Назавтра, после раннего обеда, Василий Никитьевич велел Никите взять седло — английское, из серой замши, подаренное на рождество, — и говорил, шагая по траве к конюшням:
— Ты должен выучиться чистить лошадь, взнуздывать, седлать — и после езды — вываживать… Лошадь должна быть в холе, в чистоте, тогда ты хороший кавалерист.
В раскрытом настежь каретнике закладывали тройку в коляску. Кучер Сергей Иванович, в безрукавке, в малиновых рукавах, но в простом картузе, шапочку с перьями он надевал, только садясь на козлы, — выправлял на пристяжной шлею и ругал помогавшего ему Артема:
— Куда ты ей под грудь ремень суешь, невежа! Ведь эта упряжь выездная. Оставь супонь, не касайся. Тебе кота запрягать в лукошко.
— Я безлошадный.
— То-то за тебя и девки не идут, что ты — невежа.

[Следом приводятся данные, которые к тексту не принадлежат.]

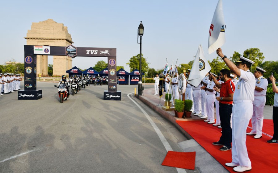 नौसेना के हैलो लद्दाख अभियान के पहले चरण को आज 15 जून को नई दिल्ली से हरी झंडी दिखाई गई और यह दिल्ली, हरियाणा, पंजाब और जम्मू-कश्मीर से होते हुए 28 जून को लेह पहुंचेगा। टीवीएस मोटर कंपनी के हेड बिजनेस प्रीमियम विमल सुंबली ने इस अवसर पर कहाकि हम भारतीय नौसेना केसाथ आजादी के अमृत महोत्सव समारोह के हिस्से के रूपमें जुड़कर बेहद गर्व महसूस कर रहे हैं। उन्होंने कहाकि टीवीएस मोटर ने हमेशा नवाचार और रोमांच की सीमाओं को बढ़ाने का प्रयास किया है और प्रतिष्ठित भारतीय नौसेना केसाथ यह सहयोग हमारी दृष्टि केसाथ पूरी तरह से मेल खाता है। विमल सुंबली ने कहाकि यह सहयोग उत्कृष्टता केलिए हमारी प्रतिबद्धता का प्रतीक है, क्योंकि हम इस रोमांचक यात्रा को शुरू करने केलिए नौसेना केसाथ भागीदारी करते हैं, जो विविध और चुनौतीपूर्ण इलाकों में टीवीएस अपाचे मोटरसाइकिलों की शक्ति का प्रदर्शन करती है।

Подай мне новые вожжи.
Коренник Лорд Байрон, растянутый на ремне в широких дверях, грыз удила, топал по деревянному полу и не больно хватал зубами за плечо Сергея Ивановича, выправлявшего ему челку из-под наборной узды. В каретнике пахло кожей, здоровым конским потом и голубями. Когда тройка была заложена, Сергей Иванович с улыбочкой обратился к Никите:
— Сами желаете седлать?
Клопика вывели из конюшни. Никита с волнением оглядел его.
Клопик был рыжий, хорошо вычищенный, курбатенький, плотный меринок, в чулках, с темным густым хвостом и темной же гривой. Большая челка закрывала ему глаза, и он поматывал головой, весело поглядывая из-за волос. Вдоль спины у него шел черный ремешок.

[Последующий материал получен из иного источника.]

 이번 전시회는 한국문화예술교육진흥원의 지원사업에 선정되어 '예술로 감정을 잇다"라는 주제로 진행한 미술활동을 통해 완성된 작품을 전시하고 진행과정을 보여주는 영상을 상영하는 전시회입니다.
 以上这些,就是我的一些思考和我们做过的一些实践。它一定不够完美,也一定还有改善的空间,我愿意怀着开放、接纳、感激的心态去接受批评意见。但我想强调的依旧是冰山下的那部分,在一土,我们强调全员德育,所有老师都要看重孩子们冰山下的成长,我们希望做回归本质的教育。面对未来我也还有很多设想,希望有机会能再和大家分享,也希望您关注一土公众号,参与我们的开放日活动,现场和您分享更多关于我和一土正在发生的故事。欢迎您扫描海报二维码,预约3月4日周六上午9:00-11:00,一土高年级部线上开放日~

— Конь добрый, — сказал Сергей Иванович и поднес ему ведро с водой. Клопик выпил и поднял морду — вода текла у него с серых губ.
Никита взял узду и, как его учили, завел удила сбоку в рот и взнуздал. Клопик похватал зубами железо. Никита наложил потник, серую с вензелем попону, поверх нее — седло и стал затягивать подпруги, — дело было нелегкое.
— Надувается, — сказал Сергей Иванович, — хитрое животное, брюхо надувает, — и он шлепнул ладонью Клопику по животу; мерин выдохнул воздух, Никита затянул подпруги.
Подошел Василий Никитьевич и начал командовать:
— В левую руку поводья, заходи спереди лошади, с левого плеча. Садись. Бери ее в шенкеля. Не запускай ноги в стремя, не подворачивай носки.
Никита сел, дрожащей ногой нашел правое ускользавшее стремя, тронул, и Клопик рысью пошел прямо в конюшню.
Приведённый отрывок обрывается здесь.